5. EV3.6.7 The BMS must shutdown the tractive system by opening the AIRs, if critical voltage or temperature values according to the cell manufacturer’s datasheet and taking into account the accuracy of the measurement system are detected. If the BMS does perform a shutdown, then a red LED marked BMS must light up in the cockpit to confirm this. NOTE: It is strongly recommended to monitor every cell temperature.

The circuit in figure 6 shows the Master board connections to the GLV (grounded low voltage) system where a relay is connected which can trip in case of a fault connection lighting up and LED in the cockpit. The GLV has connections with the AIRs (Accumulator Isolation Relay) which trips the HV side.

6. EV4.10.1 The driver must be able to (re-)activate or reset the tractive system from within the cockpit without the assistance of any other person except for situations in which the BMS, IMD or BSPD have shut down the tractive system.

This rule highlights the importance of safety when the BMS have shutdown. The driver should not be able to re-activate the BMS that’s why the reset button (shown in figure 5) on the master board would be mounted on top of the container lid away from the driver.


A lot of time was spent on design that’s why the manufacturing process did not face any problem and it is evident by the fact that all the sub systems work as expected. This proves the point that the design phase considered all the possibilities and shortcomings this project could face therefore actions taken were planned accordingly. One of these action included gaining knowledge of C+ with the help of staff members in the process of needing to change the coding parameters in the IC registers.

Apart from this, there were many things to learn along the way where building professional relations proved to be most lucrative. This includes negotiations with manufacturers and suppliers, learning practically with the help of staff members. Teamwork was a very important aspect in finishing this project successfully. This came in the form of collaborating with cross-functional teams like Tractive and Low Voltage system to make sure the battery system would be integrated successfully in the whole car.

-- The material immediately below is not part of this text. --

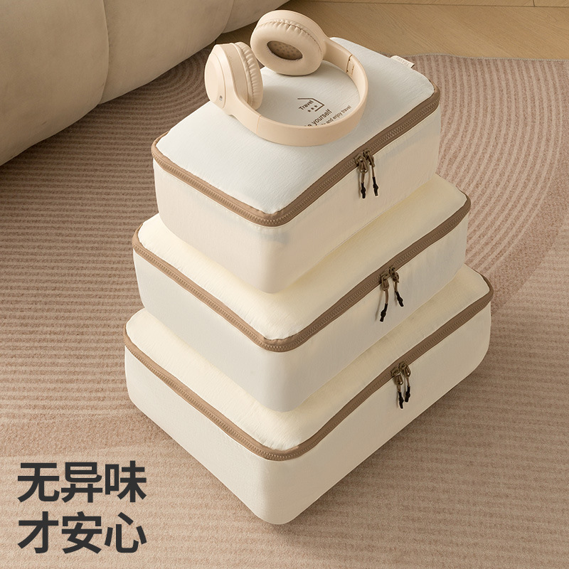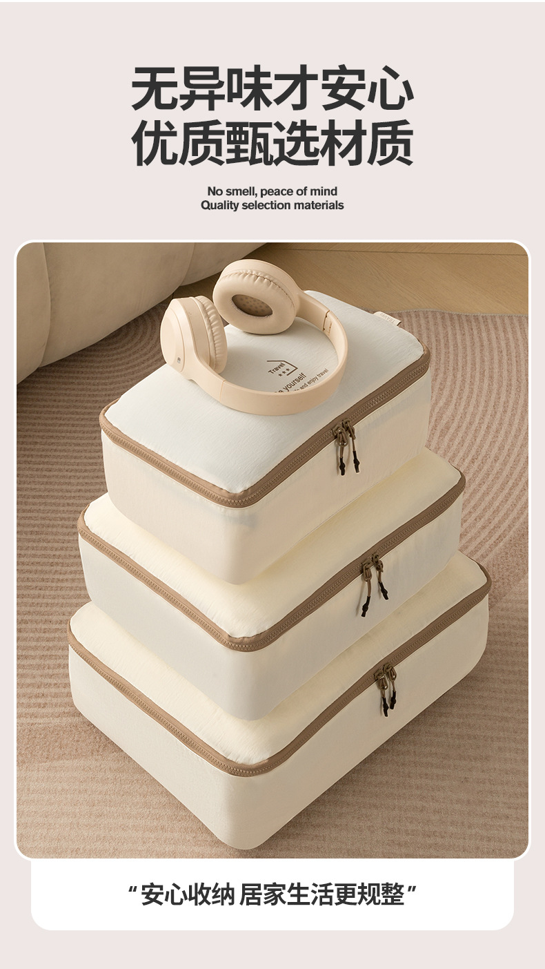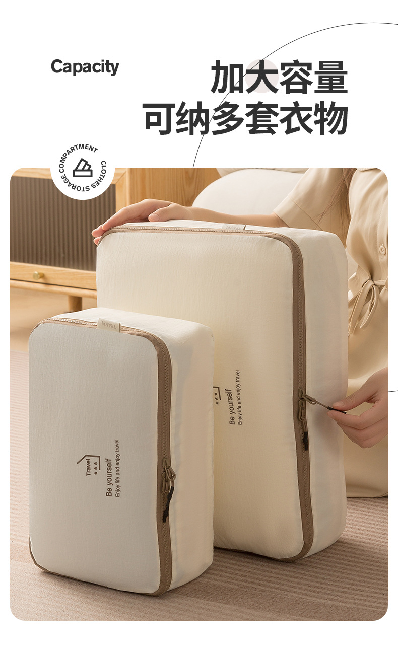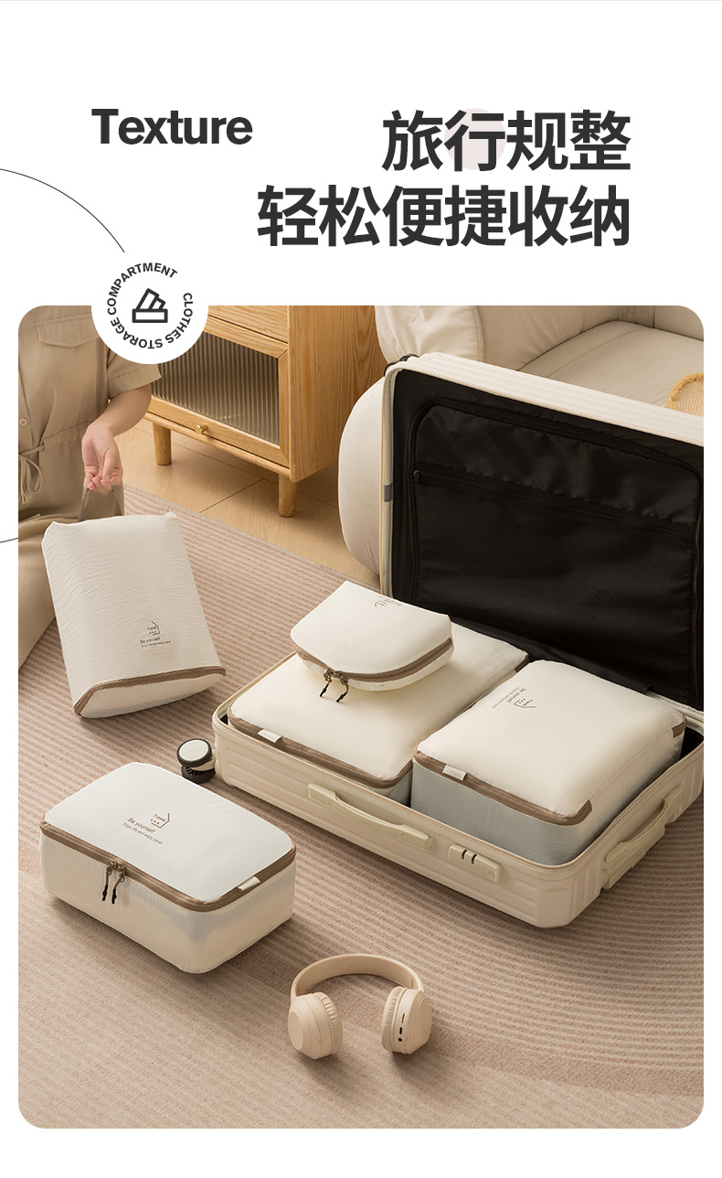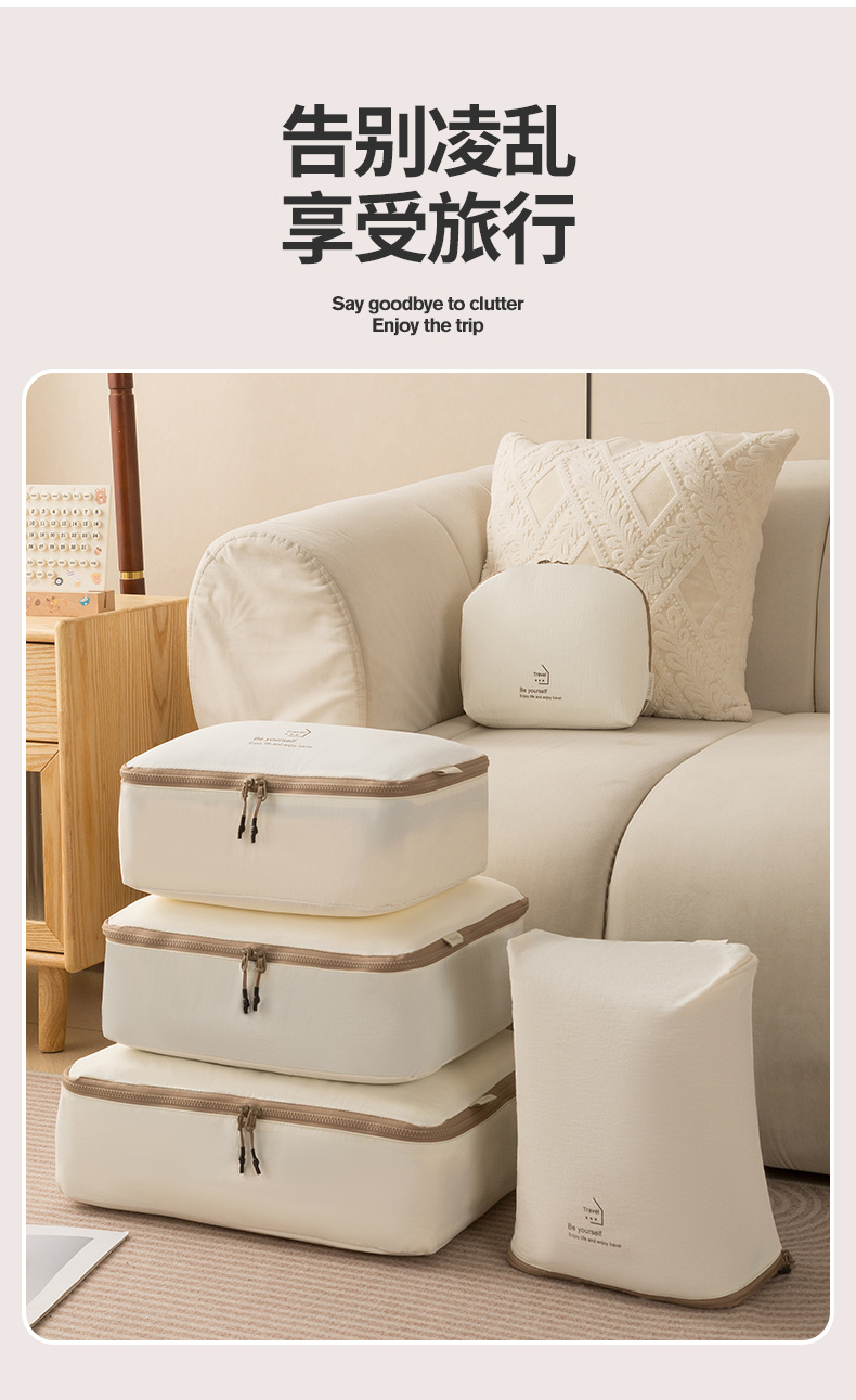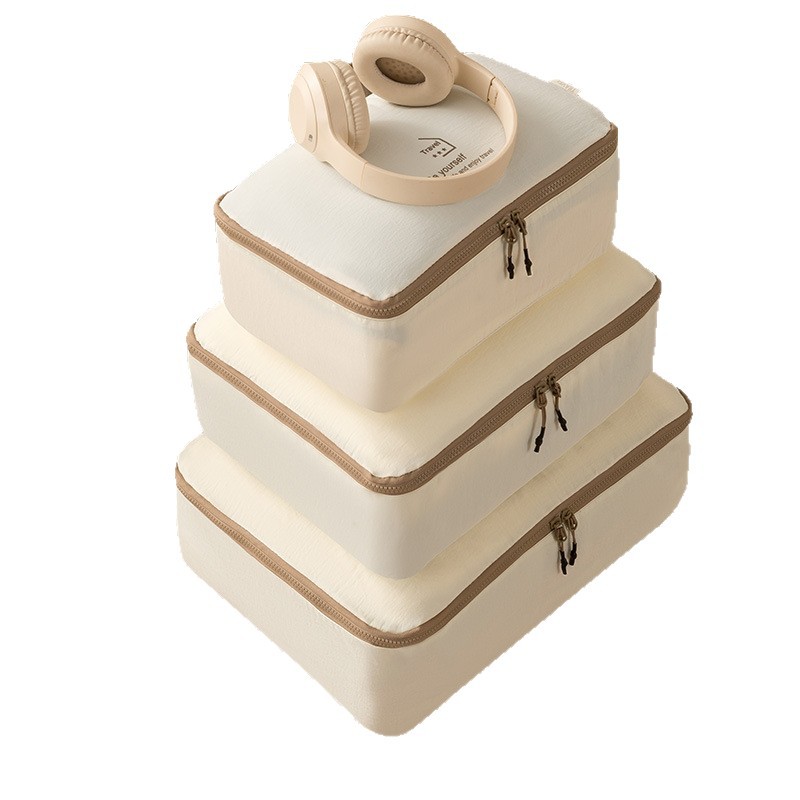 beige taslon five-piece set buggy bag

Building the master board required putting designing techniques into work which were learnt through the length of this entire degree. This was also the first time where knowledge about the high voltage systems was utilized practically.

The fact that this system would be integrated into a race car which would compete at a Formula Student competition dictated a lot of aspects in this project. The most important aspect was adhering to the rules which would definitely prove beneficial if this car become the first British electric vehicle to pass electrical inspection. Due to the formal nature of the event, the governing body of the competition required the member to write protocols, qualification documents, test plans and test reports such as FMEA, ESF and design report for quality assurance purposes. This was very beneficial as these skills are considered as a very important part of a candidate’s ability to succeed in the workplace.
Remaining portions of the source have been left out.